Suède: les sociaux-démocrates s'apprêtent à revenir au pouvoir
La Suède devrait connaître l'alternance lors des élections législatives de dimanche, qui devraient voir la victoire des sociaux-démocrates et une poussée de l'extrême droite, en position de brouiller les cartes.
Après huit ans de règne d'une coalition de centre droit, le scrutin devrait porter au poste de Premier ministre Stefan Löfven, 57 ans, un ancien dirigeant syndical aux origines modestes qui n'a jamais été ni élu ni ministre.
Selon un dernier sondage réalisé par Demoskop et paru vendredi, le parti social-démocrate serait en tête avec 29,2% des voix.
Un tel score serait parmi les plus faibles de l'histoire de ce parti qui a largement dominé la vie politique de la Suède, avec des figures comme Olof Palme, et façonné son modèle social et économique.
La tâche de M. Löfven, homme doué pour le rassemblement mais peu charismatique, s'annonce déjà compliquée. Car les votes tels que les prévoient les sondages devraient le confronter à un Parlement fragmenté, où son gouvernement sera très probablement minoritaire.
«Les sociaux-démocrates semblent s'être fixé un but de 35% des votes. Et on dirait qu'ils ne vont pas l'atteindre. Ce serait un problème pour le leadership de Stefan Löfven», estime Mikael Sundström, professeur de science politique de l'université de Lund.
Avant même d'avoir pris le pouvoir, la coalition que M. Löfven devrait constituer avec les Verts et le Parti de gauche est vue comme bancale, traversée par des divergences sur des questions aussi délicates que l'énergie, la défense, la place du secteur privé dans la santé et l'éducation ou l'urgence qu'il y aurait à défaire les réformes libérales du gouvernement sortant.
Vendredi soir, lors de l'ultime débat électoral à la télévision publique, les cravates rouges portées par les chefs des trois partis de gauche, qu'elles aient été concertées ou non, atténuaient l'impression de désunion.
«Il doit y avoir plusieurs ingrédients dans une stratégie pour l'emploi. Investir dans le rail et le logement. Voilà qui donne du travail ici et maintenant.
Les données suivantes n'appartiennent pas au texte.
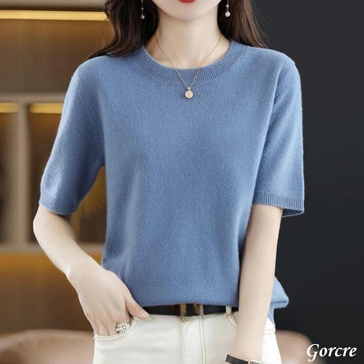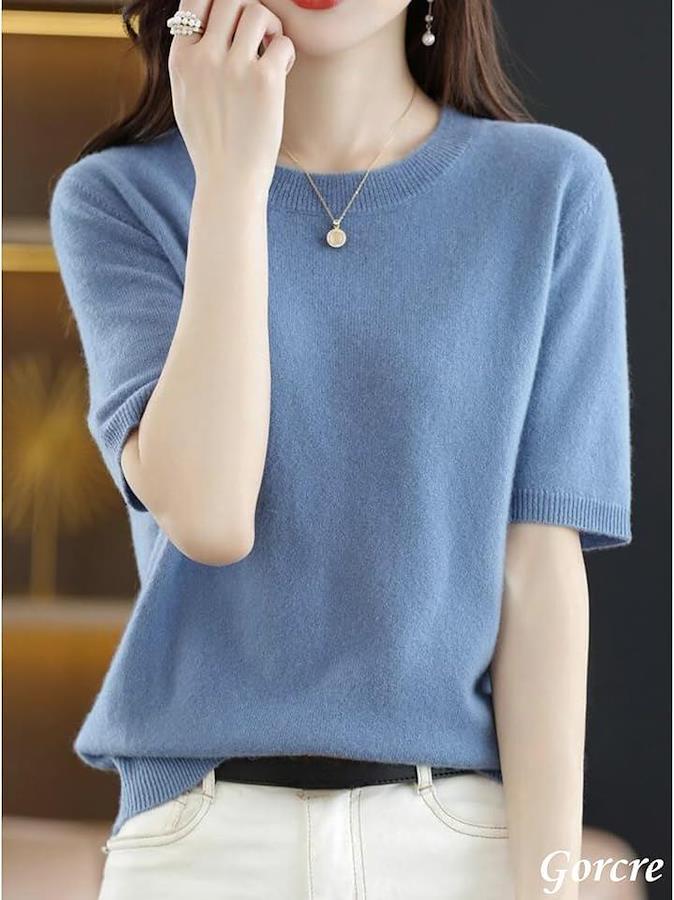 クルーネックの半袖に、襟と袖がリブ仕様になって、フェミニンな大人の女性を演出。

Voilà qui renforce la Suède», a martelé M. Löfven.
Le leader social-démocrate, dont la campagne a été consensuelle, avec comme slogan «Une Suède meilleure, pour tous», s'est voulu offensif, mais n'avait pas l'éloquence d'adversaires rompus à cet exercice.
- Montée de l'extrême droite -
L'autre souci de la gauche est la montée des Démocrates de Suède (extrême droite), entrés au Parlement en 2010 avec 5,7% des voix, et en mesure de doubler ce score. S'ils ont beaucoup voté avec la coalition de droite sortante, qui était minoritaire au Parlement, ils seront moins conciliants avec la gauche.
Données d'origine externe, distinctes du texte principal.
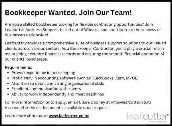 To apply for this permanent, full-time role, send your CV and a cover letter detailing your suitability for the role and how you'll contribute to the team's success to bexs@leafcutter.co.nz by 5pm, 3rd March. Visit www.rwwanaka.co.nz/about/careers for the full position description.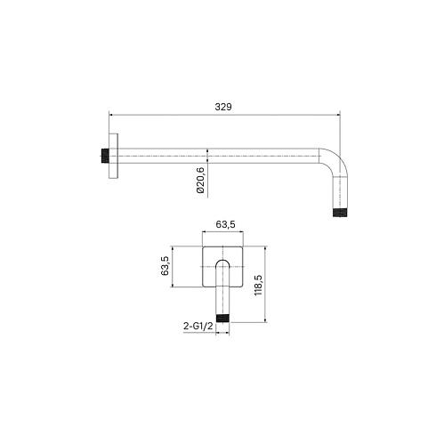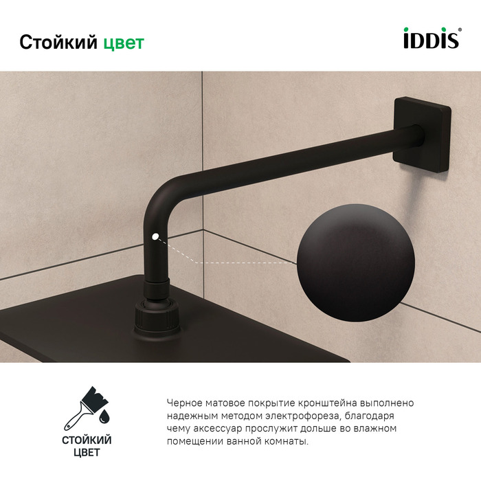 Черный матовый Г-образный настенный кронштейн для верхней душевой лейки. Круглое сечение, длина 329 мм. Совместим с любыми черными верхними лейками IDDIS® с подключением G 1/2, а также с лейками других производителей.

D'après M. Sundström, même si «personne ne veut coopérer avec eux», ce parti séduit des électeurs opposés au consensus pro-immigration.
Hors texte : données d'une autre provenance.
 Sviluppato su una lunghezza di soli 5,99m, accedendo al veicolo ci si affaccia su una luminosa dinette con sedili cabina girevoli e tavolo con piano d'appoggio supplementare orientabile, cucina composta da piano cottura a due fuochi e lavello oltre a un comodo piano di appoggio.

L'élection marquera sans doute la fin du règne de Fredrik Reinfeldt, 49 ans, Premier ministre depuis 2006. Celui-ci devrait rester dans l'histoire pour sa gestion habile des effets de la crise économique mondiale et sa capacité à imposer, sans heurter le consensus social, la politique pro-entreprise et la discipline budgétaire qu'il avait promises.
Le parti des Modérés (conservateur et libéral) de M. Reinfeldt devrait arriver deuxième dimanche, avec 20 à 25% des voix.
Même si le Premier ministre reste apprécié des électeurs de droite, il subira la lassitude de l'électorat face à la rigueur. Les électeurs jeunes notamment semblent les plus désireux d'un changement.
La coalition sortante «a peut-être fait une erreur en disant que nous devons faire des économies. Dans une économie qui a toujours un chômage relativement élevé cela n'a pas beaucoup de sens pour beaucoup de gens», estime Lars Magnusson, professeur de politique économique à l'université d'Uppsala.
Les législatives suédoises se déroulent en un seul tour, avec des listes par région. Franchir un seuil de 4% est nécessaire pour être représenté au Parlement.
Les huit formations du Parlement sortant sont bien parties pour y parvenir : trois de gauche (sociaux-démocrates, Verts et Parti de gauche), quatre de la coalition gouvernementale (Modérés, Parti populaire libéral, Parti du centre et chrétiens-démocrates) et une d'extrême droite (Démocrates de Suède). Le parti Initiative féministe pourrait éventuellement faire son entrée pour la première fois, même si les sondeurs lui prédisaient vendredi un échec.
Les bureaux de vote ferment à 20H00 (18H00 GMT) dimanche. Un institut de sondage, YouGov, a promis de premières estimations quatre heures avant cela.